Supplementary Information
The online version contains supplementary material available at 10.1186/s13018-023-04061-4.
Keywords: Diagnostic accuracy, Meta-analysis, Periprosthetic joint infection, Positron emission tomography
Introduction
A large number of patients worldwide have hip prosthetics. The prevalence of patients with any prosthesis is nearly 3% amongst middle aged and older adults and it seems to double by 80 years [1]. With an ageing population, the number of hip joint arthroplasty procedures has risen in recent decades. By 2060, the number of hip arthroplasty procedures is expected to rise by nearly 40% [2]. However, there is a limitation in that a significant portion of these prosthetics require revision, with the rate rising to nearly 15% after ten years [3]. The commonest cause of this revision is mainly aseptic or septic loosening, which contribute to about two-third of total revisions followed by dislocations and fractures [4]. This shows the importance of differentiating the aseptic and septic loosening, which is necessary to plan the treatment for the patients [5]. However, differentiating these conditions can be difficult with the existing clinical procedures.

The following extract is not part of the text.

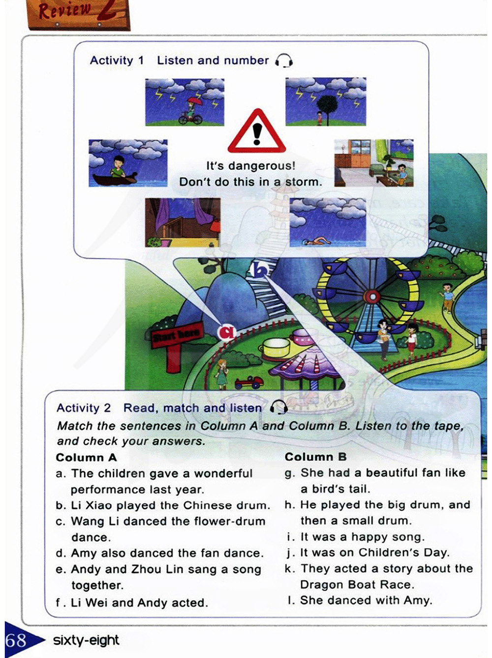 活动2 读短文,连线,听录音。

The American Academy of Orthopaedic Surgeons (AAOS) has provided the guidelines for diagnosing a patient with periprosthetic joint infection, which recommends testing such as erythrocyte sedimentation rate (ESR) and C-reactive protein (CRP), as well as the use of positron emission tomography/computed tomography (PET/CT) in certain cases [6]. Amongst these procedures, role of PET-CT is particularly important, given its higher level of accuracy compared to rest of the parameters.7 PET-CT also has several advantages in terms of convenience to the patients, no requirement for the cell labelling (unlike white blood cell scintigraphy), and the entire diagnostic procedure takes not more than two hours [7].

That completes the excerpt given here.